● Material provided
********************
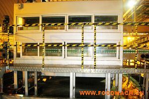 溫罐機采用循環(huán)熱水噴淋殺菌、溫水預冷、冷水冷卻等多段處理,具有節(jié)水、節(jié)熱能等優(yōu)點;實現(xiàn)自動進瓶和出瓶,達到生產(chǎn)線的完...
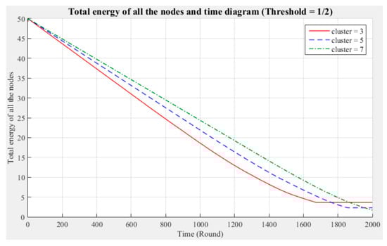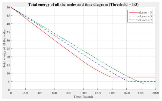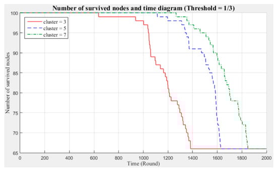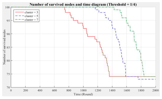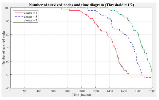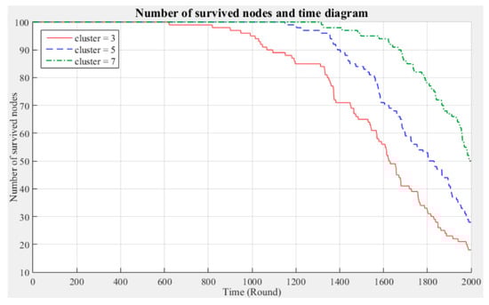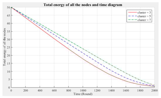 • Changes in the surviving nodes: The number of faulty nodes reaches the fault tolerance value fastest when there are three clusters, which indicates that the nodes in each cluster consume more energy, resulting in a lower node survival rate.
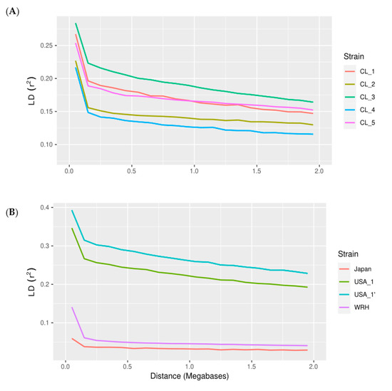 Decay of the average linkage disequilibrium (LD) genome-wide, measured as r2 against physical distance (Mb): (A) Chilean strains, and (B) North American strains and Japanese strains.
********************
● Required work
Copy the data above word for word. Pictures stay out.

● Response to the exercise
 溫罐機采用循環(huán)熱水噴淋殺菌、溫水預冷、冷水冷卻等多段處理,具有節(jié)水、節(jié)熱能等優(yōu)點;實現(xiàn)自動進瓶和出瓶,達到生產(chǎn)線的完...
 • Changes in the surviving nodes: The number of faulty nodes reaches the fault tolerance value fastest when there are three clusters, which indicates that the nodes in each cluster consume more energy, resulting in a lower node survival rate.
 Decay of the average linkage disequilibrium (LD) genome-wide, measured as r2 against physical distance (Mb): (A) Chilean strains, and (B) North American strains and Japanese strains.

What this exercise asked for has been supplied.